▸ Aim of the exercise:
Your job is to copy the data that follows exactly, every line included.

▸ Supplied data:
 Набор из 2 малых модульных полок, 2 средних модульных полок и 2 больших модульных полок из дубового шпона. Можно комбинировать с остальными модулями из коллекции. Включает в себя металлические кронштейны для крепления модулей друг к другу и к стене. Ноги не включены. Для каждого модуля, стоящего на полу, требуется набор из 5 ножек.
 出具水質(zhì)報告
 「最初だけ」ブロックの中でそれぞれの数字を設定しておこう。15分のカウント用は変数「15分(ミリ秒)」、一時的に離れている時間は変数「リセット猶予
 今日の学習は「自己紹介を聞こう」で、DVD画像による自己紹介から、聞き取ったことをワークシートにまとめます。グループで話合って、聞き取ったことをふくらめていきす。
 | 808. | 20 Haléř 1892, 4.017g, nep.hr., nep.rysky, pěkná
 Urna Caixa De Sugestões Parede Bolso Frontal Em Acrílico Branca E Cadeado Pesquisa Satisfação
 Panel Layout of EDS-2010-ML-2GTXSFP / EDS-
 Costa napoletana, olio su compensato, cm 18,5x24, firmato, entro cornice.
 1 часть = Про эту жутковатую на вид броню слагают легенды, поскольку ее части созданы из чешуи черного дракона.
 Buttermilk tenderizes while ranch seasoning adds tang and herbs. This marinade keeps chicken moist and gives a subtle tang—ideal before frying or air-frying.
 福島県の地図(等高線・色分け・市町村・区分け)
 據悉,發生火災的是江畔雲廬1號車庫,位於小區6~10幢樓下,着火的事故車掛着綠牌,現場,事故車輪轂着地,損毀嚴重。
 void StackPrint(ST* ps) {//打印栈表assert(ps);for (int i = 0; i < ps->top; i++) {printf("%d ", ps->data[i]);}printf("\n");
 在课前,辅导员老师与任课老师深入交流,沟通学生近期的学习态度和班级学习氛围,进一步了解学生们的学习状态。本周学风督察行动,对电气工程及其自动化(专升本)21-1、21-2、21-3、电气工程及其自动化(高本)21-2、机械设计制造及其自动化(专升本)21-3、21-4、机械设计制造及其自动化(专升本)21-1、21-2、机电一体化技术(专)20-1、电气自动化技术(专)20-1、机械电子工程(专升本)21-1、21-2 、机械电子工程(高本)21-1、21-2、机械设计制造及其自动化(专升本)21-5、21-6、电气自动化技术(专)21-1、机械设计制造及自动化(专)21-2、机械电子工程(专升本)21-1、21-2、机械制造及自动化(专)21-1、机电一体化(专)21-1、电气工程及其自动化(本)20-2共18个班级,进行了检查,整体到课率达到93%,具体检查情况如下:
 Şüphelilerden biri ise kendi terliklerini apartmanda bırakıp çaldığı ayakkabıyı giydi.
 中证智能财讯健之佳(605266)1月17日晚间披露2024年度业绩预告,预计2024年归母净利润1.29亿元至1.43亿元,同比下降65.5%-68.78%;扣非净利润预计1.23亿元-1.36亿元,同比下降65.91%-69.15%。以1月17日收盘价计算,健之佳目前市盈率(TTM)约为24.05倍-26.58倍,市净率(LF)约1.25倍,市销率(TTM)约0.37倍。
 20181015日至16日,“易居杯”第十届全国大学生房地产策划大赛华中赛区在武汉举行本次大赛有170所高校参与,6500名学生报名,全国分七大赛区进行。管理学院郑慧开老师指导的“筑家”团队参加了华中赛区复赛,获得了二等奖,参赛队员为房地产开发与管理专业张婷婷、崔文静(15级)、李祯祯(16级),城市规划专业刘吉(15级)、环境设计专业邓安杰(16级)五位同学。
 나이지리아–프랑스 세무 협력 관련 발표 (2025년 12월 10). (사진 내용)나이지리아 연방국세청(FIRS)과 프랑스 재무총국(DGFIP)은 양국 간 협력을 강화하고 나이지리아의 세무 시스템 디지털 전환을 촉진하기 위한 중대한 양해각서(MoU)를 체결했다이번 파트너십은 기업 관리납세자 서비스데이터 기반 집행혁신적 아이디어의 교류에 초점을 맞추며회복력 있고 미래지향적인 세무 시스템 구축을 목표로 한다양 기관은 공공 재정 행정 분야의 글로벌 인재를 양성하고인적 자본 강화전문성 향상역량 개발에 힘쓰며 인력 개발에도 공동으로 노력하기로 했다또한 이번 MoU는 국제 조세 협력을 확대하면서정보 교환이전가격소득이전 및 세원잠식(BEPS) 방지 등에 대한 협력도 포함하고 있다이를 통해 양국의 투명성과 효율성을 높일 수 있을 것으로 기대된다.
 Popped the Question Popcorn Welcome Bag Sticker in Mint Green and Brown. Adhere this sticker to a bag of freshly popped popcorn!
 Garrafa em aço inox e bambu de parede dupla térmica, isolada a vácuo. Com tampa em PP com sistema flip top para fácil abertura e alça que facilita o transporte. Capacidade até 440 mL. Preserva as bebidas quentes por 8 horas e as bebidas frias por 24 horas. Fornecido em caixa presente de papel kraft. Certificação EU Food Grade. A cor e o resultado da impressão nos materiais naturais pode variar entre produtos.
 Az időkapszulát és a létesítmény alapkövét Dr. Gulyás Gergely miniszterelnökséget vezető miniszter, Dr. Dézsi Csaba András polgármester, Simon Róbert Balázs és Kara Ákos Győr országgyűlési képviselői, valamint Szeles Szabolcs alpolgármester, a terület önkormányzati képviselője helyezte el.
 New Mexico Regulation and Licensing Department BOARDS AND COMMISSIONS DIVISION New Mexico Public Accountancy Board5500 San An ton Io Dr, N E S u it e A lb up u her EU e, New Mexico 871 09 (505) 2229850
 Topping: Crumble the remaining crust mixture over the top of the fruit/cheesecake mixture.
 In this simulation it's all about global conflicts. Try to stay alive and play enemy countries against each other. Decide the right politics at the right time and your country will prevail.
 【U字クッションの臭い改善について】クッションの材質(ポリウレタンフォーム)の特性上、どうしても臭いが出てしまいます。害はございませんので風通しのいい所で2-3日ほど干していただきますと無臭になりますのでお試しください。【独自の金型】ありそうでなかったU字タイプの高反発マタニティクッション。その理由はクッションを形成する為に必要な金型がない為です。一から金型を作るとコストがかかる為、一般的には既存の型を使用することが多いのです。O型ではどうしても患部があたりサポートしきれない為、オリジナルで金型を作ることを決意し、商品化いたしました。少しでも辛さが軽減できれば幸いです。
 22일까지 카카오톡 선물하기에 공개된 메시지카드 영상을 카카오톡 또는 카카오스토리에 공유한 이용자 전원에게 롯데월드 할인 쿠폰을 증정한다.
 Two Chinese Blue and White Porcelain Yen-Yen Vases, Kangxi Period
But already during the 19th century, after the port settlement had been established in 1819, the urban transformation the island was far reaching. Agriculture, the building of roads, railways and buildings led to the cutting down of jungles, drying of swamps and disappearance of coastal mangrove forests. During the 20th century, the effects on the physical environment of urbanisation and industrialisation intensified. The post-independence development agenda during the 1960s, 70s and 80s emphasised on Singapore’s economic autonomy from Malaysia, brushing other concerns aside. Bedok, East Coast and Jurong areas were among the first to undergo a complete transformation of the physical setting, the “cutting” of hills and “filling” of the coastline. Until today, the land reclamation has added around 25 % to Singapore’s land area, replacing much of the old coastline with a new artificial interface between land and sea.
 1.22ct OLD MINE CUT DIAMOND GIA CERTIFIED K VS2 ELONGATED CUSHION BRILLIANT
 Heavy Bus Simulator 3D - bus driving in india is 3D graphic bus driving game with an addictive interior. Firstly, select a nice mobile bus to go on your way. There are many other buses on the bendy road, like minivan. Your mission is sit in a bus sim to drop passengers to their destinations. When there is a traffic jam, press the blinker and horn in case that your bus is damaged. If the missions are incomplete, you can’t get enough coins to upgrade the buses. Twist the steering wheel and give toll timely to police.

▸ Task result:
 Набор из 2 малых модульных полок, 2 средних модульных полок и 2 больших модульных полок из дубового шпона. Можно комбинировать с остальными модулями из коллекции. Включает в себя металлические кронштейны для крепления модулей друг к другу и к стене. Ноги не включены. Для каждого модуля, стоящего на полу, требуется набор из 5 ножек.
 出具水質(zhì)報告
 「最初だけ」ブロックの中でそれぞれの数字を設定しておこう。15分のカウント用は変数「15分(ミリ秒)」、一時的に離れている時間は変数「リセット猶予
 今日の学習は「自己紹介を聞こう」で、DVD画像による自己紹介から、聞き取ったことをワークシートにまとめます。グループで話合って、聞き取ったことをふくらめていきす。
 | 808. | 20 Haléř 1892, 4.017g, nep.hr., nep.rysky, pěkná
 Urna Caixa De Sugestões Parede Bolso Frontal Em Acrílico Branca E Cadeado Pesquisa Satisfação
 Panel Layout of EDS-2010-ML-2GTXSFP / EDS-
 Costa napoletana, olio su compensato, cm 18,5x24, firmato, entro cornice.
 1 часть = Про эту жутковатую на вид броню слагают легенды, поскольку ее части созданы из чешуи черного дракона.
 Buttermilk tenderizes while ranch seasoning adds tang and herbs. This marinade keeps chicken moist and gives a subtle tang—ideal before frying or air-frying.
 福島県の地図(等高線・色分け・市町村・区分け)
 據悉,發生火災的是江畔雲廬1號車庫,位於小區6~10幢樓下,着火的事故車掛着綠牌,現場,事故車輪轂着地,損毀嚴重。
 void StackPrint(ST* ps) {//打印栈表assert(ps);for (int i = 0; i < ps->top; i++) {printf("%d ", ps->data[i]);}printf("\n");
 在课前,辅导员老师与任课老师深入交流,沟通学生近期的学习态度和班级学习氛围,进一步了解学生们的学习状态。本周学风督察行动,对电气工程及其自动化(专升本)21-1、21-2、21-3、电气工程及其自动化(高本)21-2、机械设计制造及其自动化(专升本)21-3、21-4、机械设计制造及其自动化(专升本)21-1、21-2、机电一体化技术(专)20-1、电气自动化技术(专)20-1、机械电子工程(专升本)21-1、21-2 、机械电子工程(高本)21-1、21-2、机械设计制造及其自动化(专升本)21-5、21-6、电气自动化技术(专)21-1、机械设计制造及自动化(专)21-2、机械电子工程(专升本)21-1、21-2、机械制造及自动化(专)21-1、机电一体化(专)21-1、电气工程及其自动化(本)20-2共18个班级,进行了检查,整体到课率达到93%,具体检查情况如下:
 Şüphelilerden biri ise kendi terliklerini apartmanda bırakıp çaldığı ayakkabıyı giydi.
 中证智能财讯健之佳(605266)1月17日晚间披露2024年度业绩预告,预计2024年归母净利润1.29亿元至1.43亿元,同比下降65.5%-68.78%;扣非净利润预计1.23亿元-1.36亿元,同比下降65.91%-69.15%。以1月17日收盘价计算,健之佳目前市盈率(TTM)约为24.05倍-26.58倍,市净率(LF)约1.25倍,市销率(TTM)约0.37倍。
 20181015日至16日,“易居杯”第十届全国大学生房地产策划大赛华中赛区在武汉举行本次大赛有170所高校参与,6500名学生报名,全国分七大赛区进行。管理学院郑慧开老师指导的“筑家”团队参加了华中赛区复赛,获得了二等奖,参赛队员为房地产开发与管理专业张婷婷、崔文静(15级)、李祯祯(16级),城市规划专业刘吉(15级)、环境设计专业邓安杰(16级)五位同学。
 나이지리아–프랑스 세무 협력 관련 발표 (2025년 12월 10). (사진 내용)나이지리아 연방국세청(FIRS)과 프랑스 재무총국(DGFIP)은 양국 간 협력을 강화하고 나이지리아의 세무 시스템 디지털 전환을 촉진하기 위한 중대한 양해각서(MoU)를 체결했다이번 파트너십은 기업 관리납세자 서비스데이터 기반 집행혁신적 아이디어의 교류에 초점을 맞추며회복력 있고 미래지향적인 세무 시스템 구축을 목표로 한다양 기관은 공공 재정 행정 분야의 글로벌 인재를 양성하고인적 자본 강화전문성 향상역량 개발에 힘쓰며 인력 개발에도 공동으로 노력하기로 했다또한 이번 MoU는 국제 조세 협력을 확대하면서정보 교환이전가격소득이전 및 세원잠식(BEPS) 방지 등에 대한 협력도 포함하고 있다이를 통해 양국의 투명성과 효율성을 높일 수 있을 것으로 기대된다.
 Popped the Question Popcorn Welcome Bag Sticker in Mint Green and Brown. Adhere this sticker to a bag of freshly popped popcorn!
 Garrafa em aço inox e bambu de parede dupla térmica, isolada a vácuo. Com tampa em PP com sistema flip top para fácil abertura e alça que facilita o transporte. Capacidade até 440 mL. Preserva as bebidas quentes por 8 horas e as bebidas frias por 24 horas. Fornecido em caixa presente de papel kraft. Certificação EU Food Grade. A cor e o resultado da impressão nos materiais naturais pode variar entre produtos.
 Az időkapszulát és a létesítmény alapkövét Dr. Gulyás Gergely miniszterelnökséget vezető miniszter, Dr. Dézsi Csaba András polgármester, Simon Róbert Balázs és Kara Ákos Győr országgyűlési képviselői, valamint Szeles Szabolcs alpolgármester, a terület önkormányzati képviselője helyezte el.
 New Mexico Regulation and Licensing Department BOARDS AND COMMISSIONS DIVISION New Mexico Public Accountancy Board5500 San An ton Io Dr, N E S u it e A lb up u her EU e, New Mexico 871 09 (505) 2229850
 Topping: Crumble the remaining crust mixture over the top of the fruit/cheesecake mixture.
 In this simulation it's all about global conflicts. Try to stay alive and play enemy countries against each other. Decide the right politics at the right time and your country will prevail.
 【U字クッションの臭い改善について】クッションの材質(ポリウレタンフォーム)の特性上、どうしても臭いが出てしまいます。害はございませんので風通しのいい所で2-3日ほど干していただきますと無臭になりますのでお試しください。【独自の金型】ありそうでなかったU字タイプの高反発マタニティクッション。その理由はクッションを形成する為に必要な金型がない為です。一から金型を作るとコストがかかる為、一般的には既存の型を使用することが多いのです。O型ではどうしても患部があたりサポートしきれない為、オリジナルで金型を作ることを決意し、商品化いたしました。少しでも辛さが軽減できれば幸いです。
 22일까지 카카오톡 선물하기에 공개된 메시지카드 영상을 카카오톡 또는 카카오스토리에 공유한 이용자 전원에게 롯데월드 할인 쿠폰을 증정한다.
 Two Chinese Blue and White Porcelain Yen-Yen Vases, Kangxi Period
But already during the 19th century, after the port settlement had been established in 1819, the urban transformation the island was far reaching. Agriculture, the building of roads, railways and buildings led to the cutting down of jungles, drying of swamps and disappearance of coastal mangrove forests. During the 20th century, the effects on the physical environment of urbanisation and industrialisation intensified. The post-independence development agenda during the 1960s, 70s and 80s emphasised on Singapore’s economic autonomy from Malaysia, brushing other concerns aside. Bedok, East Coast and Jurong areas were among the first to undergo a complete transformation of the physical setting, the “cutting” of hills and “filling” of the coastline. Until today, the land reclamation has added around 25 % to Singapore’s land area, replacing much of the old coastline with a new artificial interface between land and sea.
 1.22ct OLD MINE CUT DIAMOND GIA CERTIFIED K VS2 ELONGATED CUSHION BRILLIANT
 Heavy Bus Simulator 3D - bus driving in india is 3D graphic bus driving game with an addictive interior. Firstly, select a nice mobile bus to go on your way. There are many other buses on the bendy road, like minivan. Your mission is sit in a bus sim to drop passengers to their destinations. When there is a traffic jam, press the blinker and horn in case that your bus is damaged. If the missions are incomplete, you can’t get enough coins to upgrade the buses. Twist the steering wheel and give toll timely to police.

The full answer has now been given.